> ABOUT THIS TASK
Restate each line of the listing exactly, without carrying over any pictures.

> GIVEN RECORDS
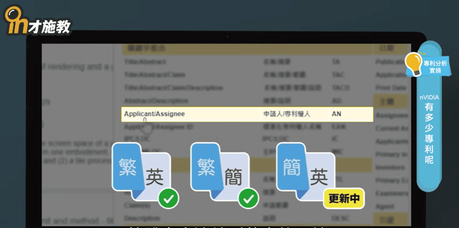 我們現在已經將申請人/專利權人查詢名稱從「繁體中文」連結到「英文」互轉;但是還沒有進行到「簡體中文」連結到「英文」互轉。這功能我們在近期就會更新,敬請期待。
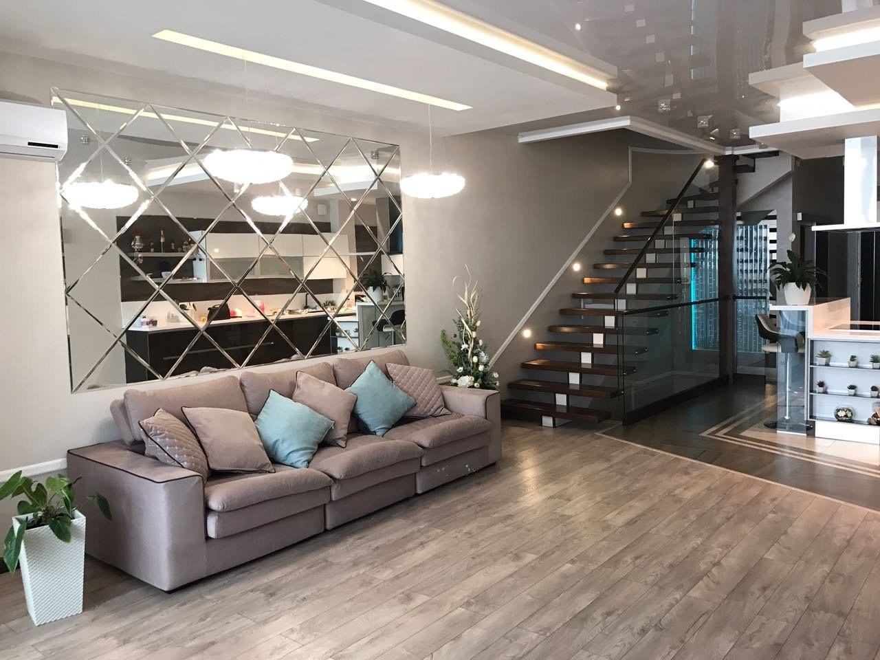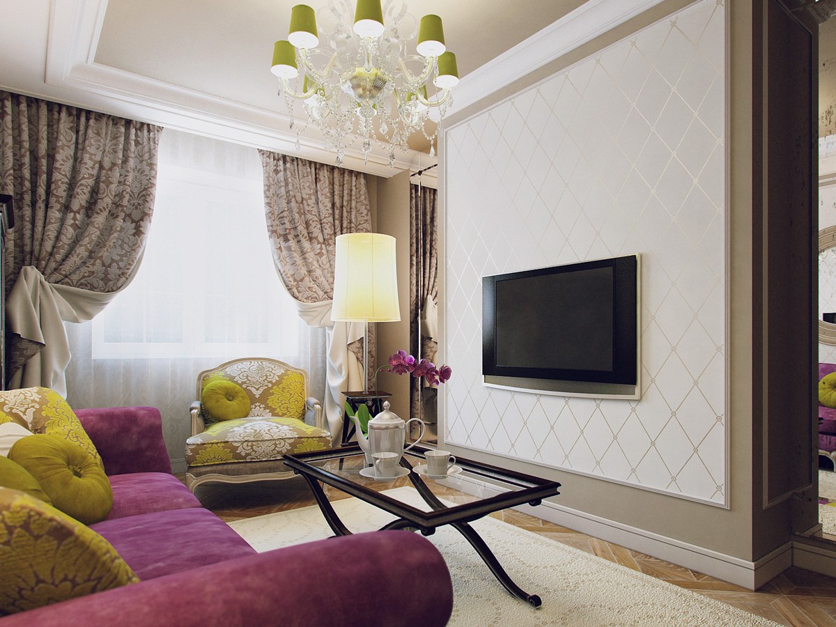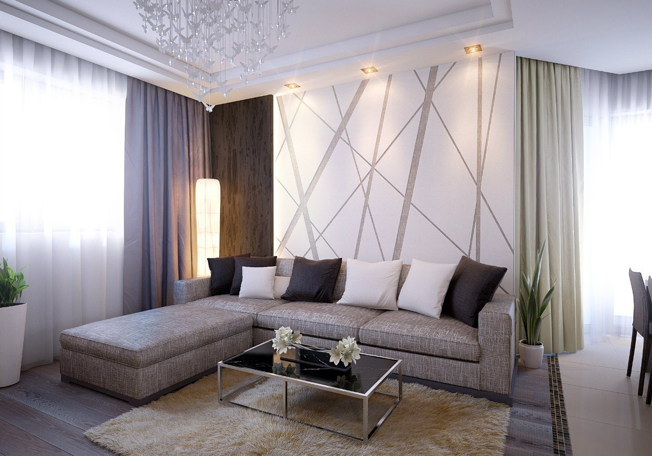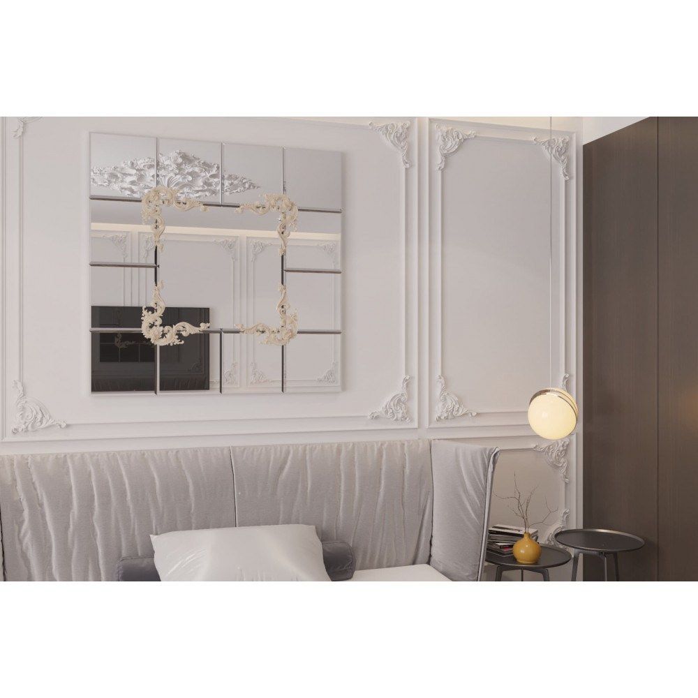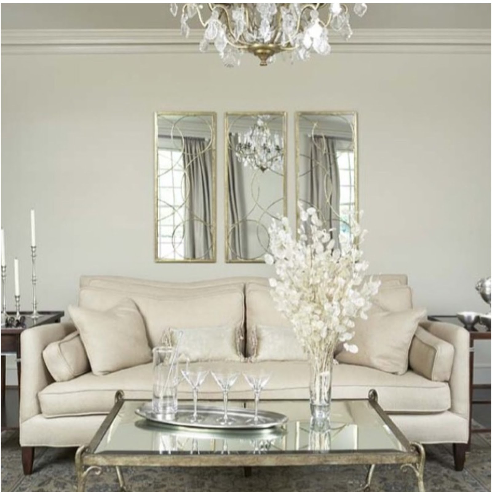 Зеркальное панно в гостиной за диваном в интерьере (77 фото)
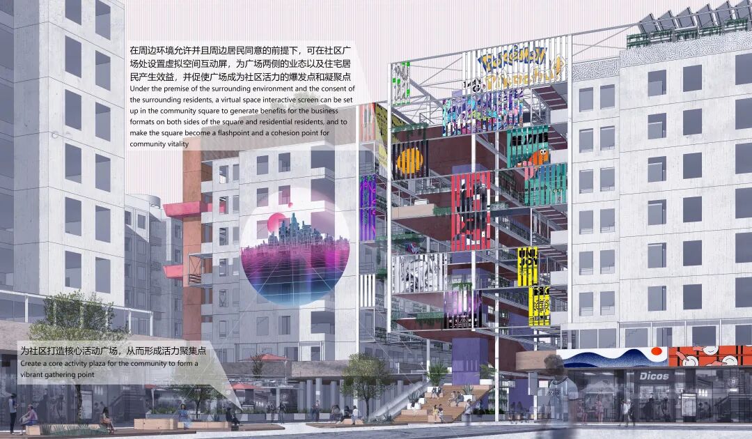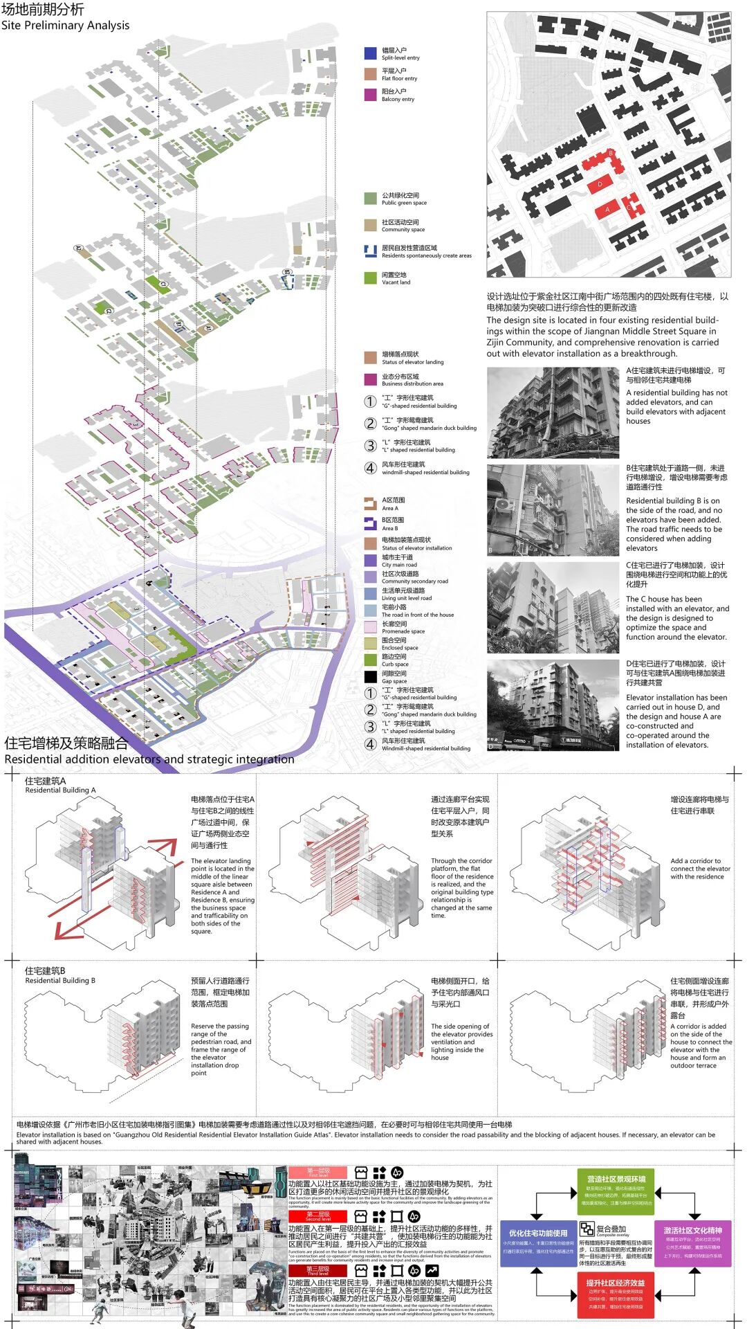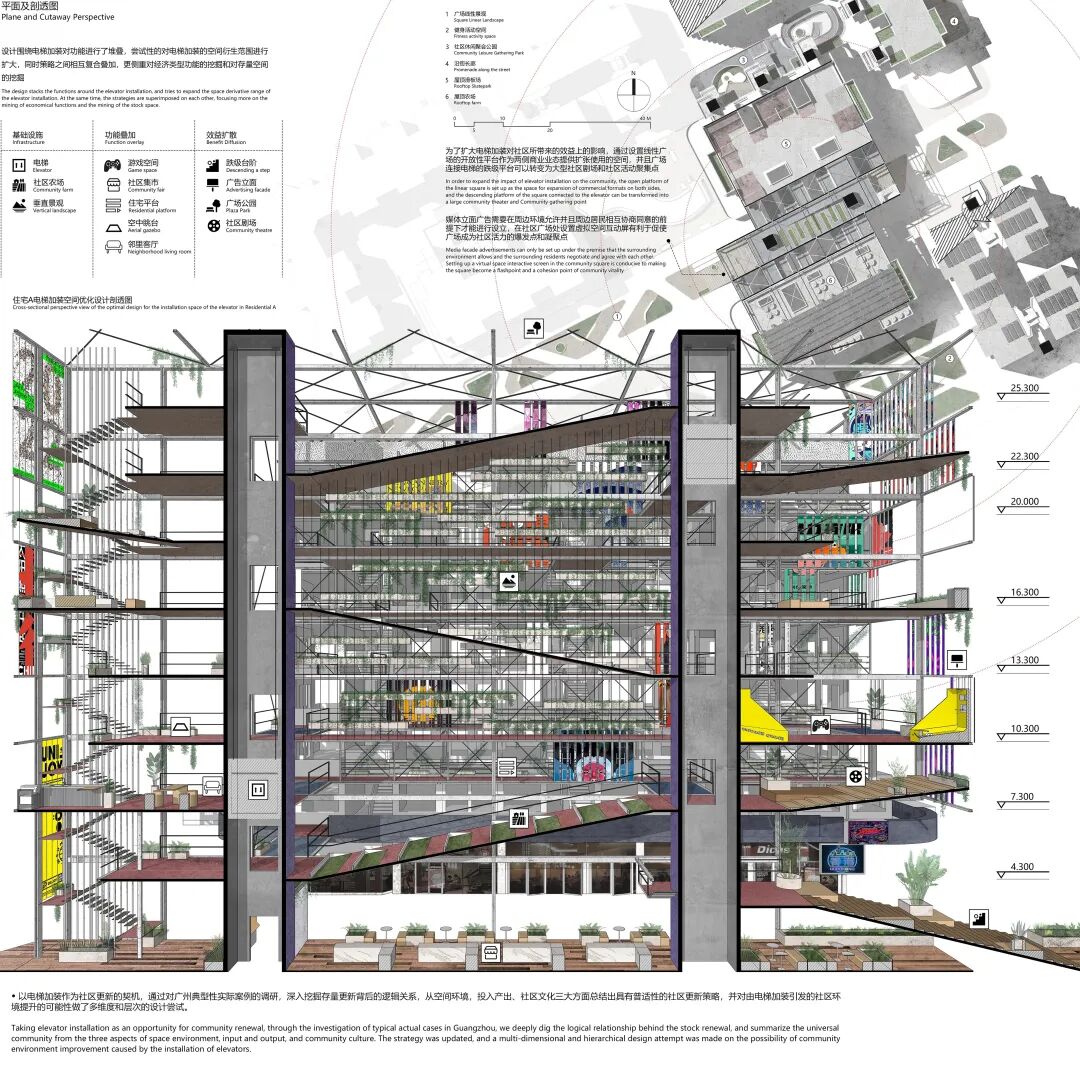 创作说明:以电梯加装作为社区更新的契机,通过对广州实际案例的调研,挖掘存量更新背后的逻辑关系,从空间环境、投入产出、社区文化三大方面总结出策略,对由电梯加装引发的社区环境提升的可能性做了多维度和多层次的设计尝试。
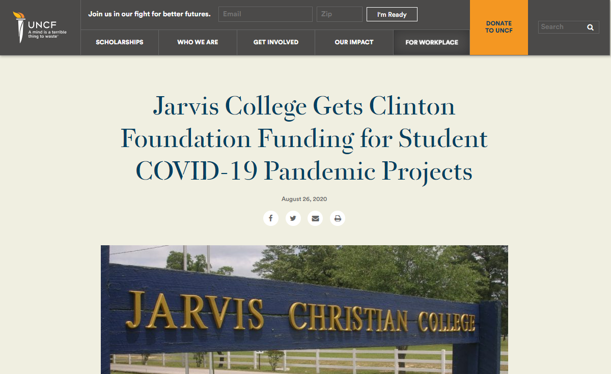 賈維斯基督教學(xué)院,榮獲來自克林頓基金會(huì)的“新冠病毒學(xué)生行動(dòng)基金”
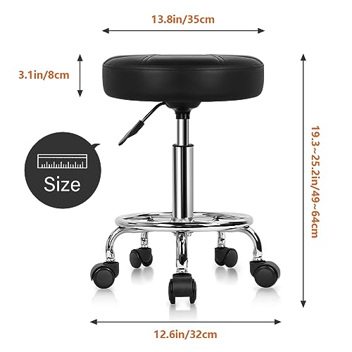 KKTONER - KKTONER Round Rolling Stool Chair PU Leather Height Adjustable Swivel Drafting Work SPA Shop Salon Stools with Wheels Office Chair Small (Black)

> ANSWER SECTION
 我們現在已經將申請人/專利權人查詢名稱從「繁體中文」連結到「英文」互轉;但是還沒有進行到「簡體中文」連結到「英文」互轉。這功能我們在近期就會更新,敬請期待。
 Зеркальное панно в гостиной за диваном в интерьере (77 фото)
 创作说明:以电梯加装作为社区更新的契机,通过对广州实际案例的调研,挖掘存量更新背后的逻辑关系,从空间环境、投入产出、社区文化三大方面总结出策略,对由电梯加装引发的社区环境提升的可能性做了多维度和多层次的设计尝试。
 賈維斯基督教學(xué)院,榮獲來自克林頓基金會(huì)的“新冠病毒學(xué)生行動(dòng)基金”
 KKTONER - KKTONER Round Rolling Stool Chair PU Leather Height Adjustable Swivel Drafting Work SPA Shop Salon Stools with Wheels Office Chair Small (Black)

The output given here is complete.